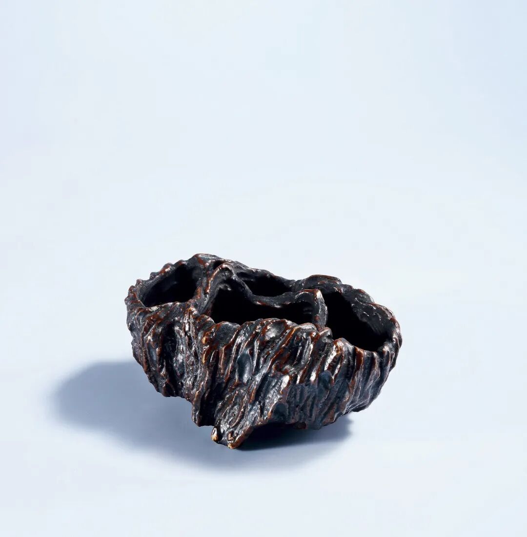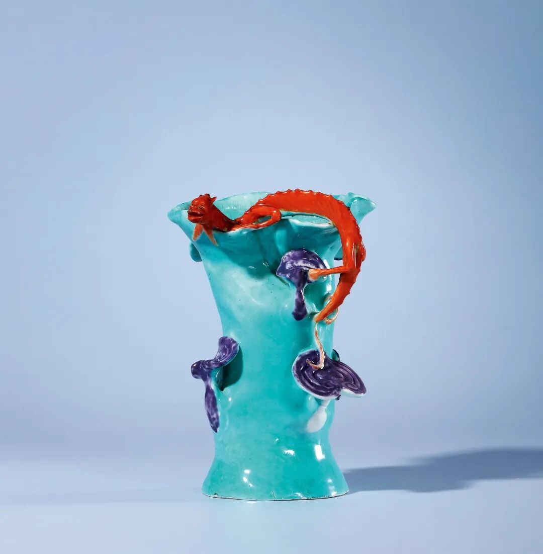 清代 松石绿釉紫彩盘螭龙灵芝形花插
...
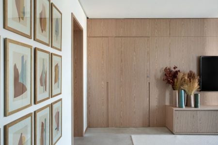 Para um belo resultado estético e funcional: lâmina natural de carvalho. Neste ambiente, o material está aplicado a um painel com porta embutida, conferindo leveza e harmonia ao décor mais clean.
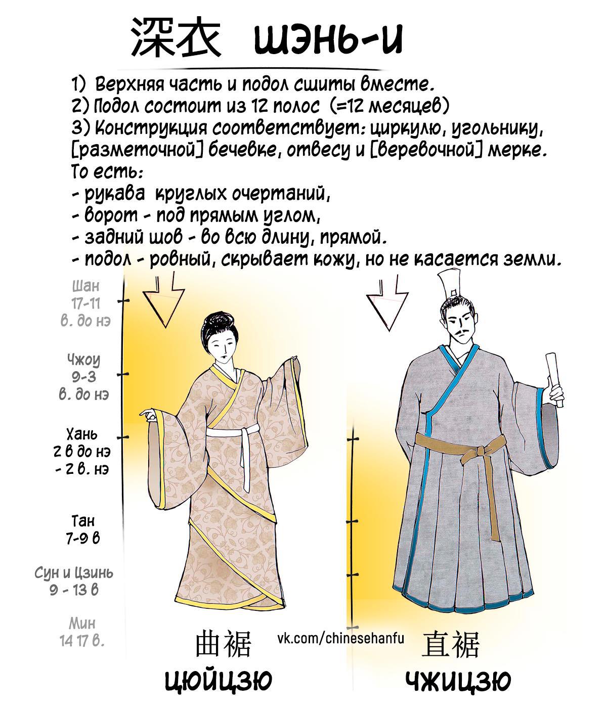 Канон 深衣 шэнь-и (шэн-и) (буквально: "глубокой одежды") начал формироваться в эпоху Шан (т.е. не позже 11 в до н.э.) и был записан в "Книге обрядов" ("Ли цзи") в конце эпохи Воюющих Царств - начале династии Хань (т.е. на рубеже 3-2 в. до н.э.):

▶ Assignment:
The answer is the lines of the material above, from the one containing "Para um belo" down to the one containing "Канон 深衣 шэнь-и", given exactly and without images.

▶ Response for this exercise:
 Para um belo resultado estético e funcional: lâmina natural de carvalho. Neste ambiente, o material está aplicado a um painel com porta embutida, conferindo leveza e harmonia ao décor mais clean.
 Канон 深衣 шэнь-и (шэн-и) (буквально: "глубокой одежды") начал формироваться в эпоху Шан (т.е. не позже 11 в до н.э.) и был записан в "Книге обрядов" ("Ли цзи") в конце эпохи Воюющих Царств - начале династии Хань (т.е. на рубеже 3-2 в. до н.э.):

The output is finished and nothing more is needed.